Rankings and Credentials
Scholarships
University Profile
Rutgers University-New Brunswick (RU) was founded in 1766 in the city of New Brunswick, in New Jersey, USA. RU is the eighth-oldest higher education institution in the USA and one of the ‘Colonial Colleges’ founded before the American Revolution. The school was originally founded by members of the Dutch Reformed Church to train ministers and to “educate the youth in language, liberal, the divinity, and useful arts and sciences”. The institution, called Queen’s College, was granted its charter by the last Royal Governor of New Jersey, William Franklin in 1766. The first classes only had one teacher and were held in a tavern until the outbreak of the Revolutionary War. The school was renamed Rutgers College in 1825 after the wealthy New York philanthropist Henry Rutgers who saved it from financial difficulty when he donated $5000, allowing it to reopen. The college became a university in 1924 when it introduced graduate study programs and it became the state university of New Jersey in 1945. Shortly afterwards Rutgers merged with the University of Newark, College of South Jersey and South Jersey Law School which became semi-autonomous campuses of Rutgers known as Rutgers University–Newark and Rutgers University–Camden.

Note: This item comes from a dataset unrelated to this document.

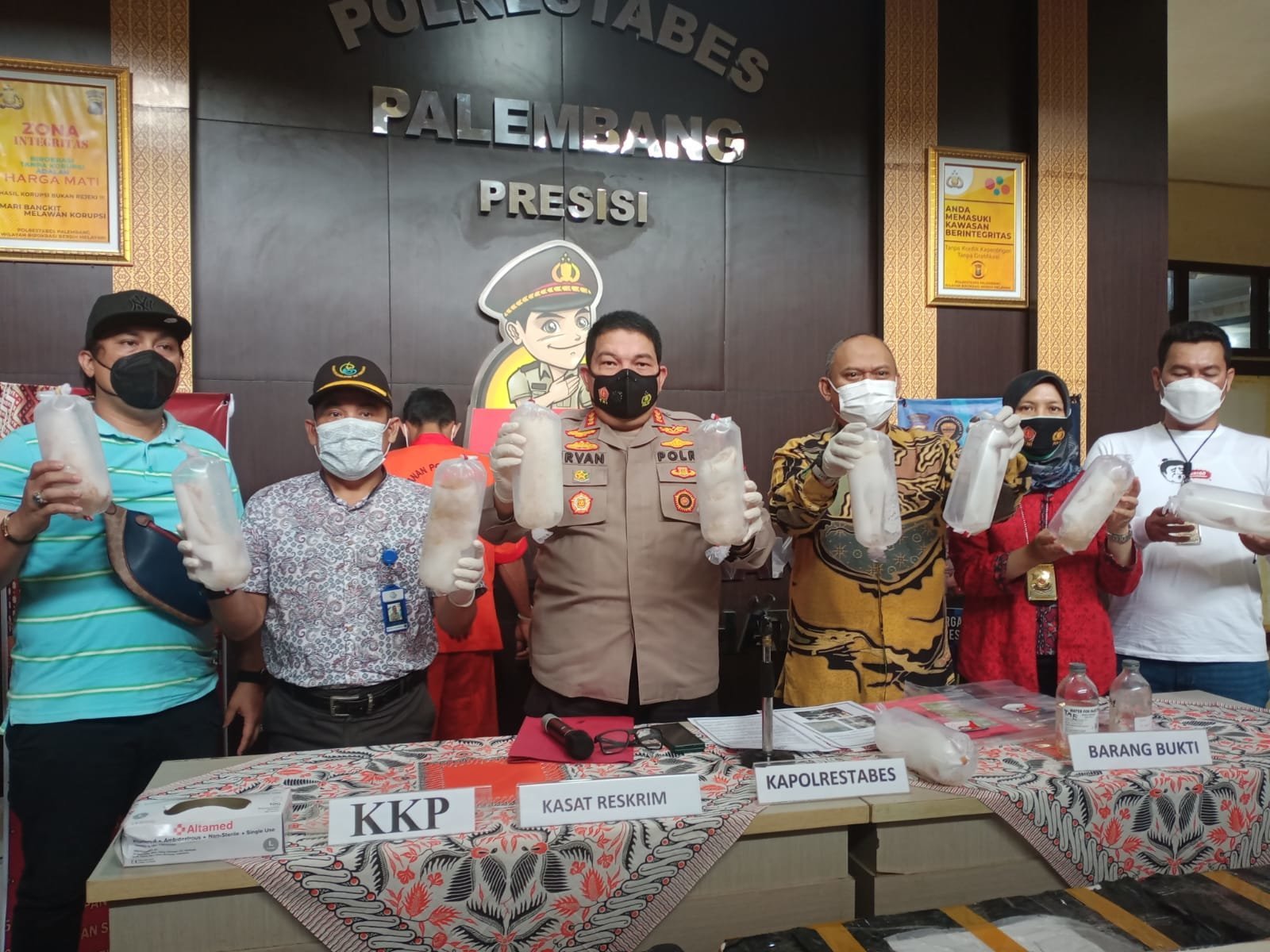 Kapolrestabes Palembang Kombes pol Irvan Prawira Satyia Putra didampingi Kasat Reskrim Kompol Tri Wahyudi, mengatakan penangkapan berawal saat petugas menelusuri penangkapan sebelumnya,alhasil petugas berhasil mengamankan mobil jenis Kijang Innova bernopol BG 1107 B yang membawa bibit udang jenis Mutiara dan Pasir dari Indralaya menuju kota Lubuk Linggau .

Today RU is a thriving public research university and a member of the Big Ten Academic Alliance. The university has in the region of 70,000 students over its many campuses and offers a vast range of academic options from undergraduate to doctoral level. The scope of RU’s academics is shown by the number of departments in the university – around 175 offering over 100 undergraduate and 100 masters and 80 doctoral degree programs. The university prides itself on its cutting edge research and is classified as a Research Intensive University by the Carnegie Foundation.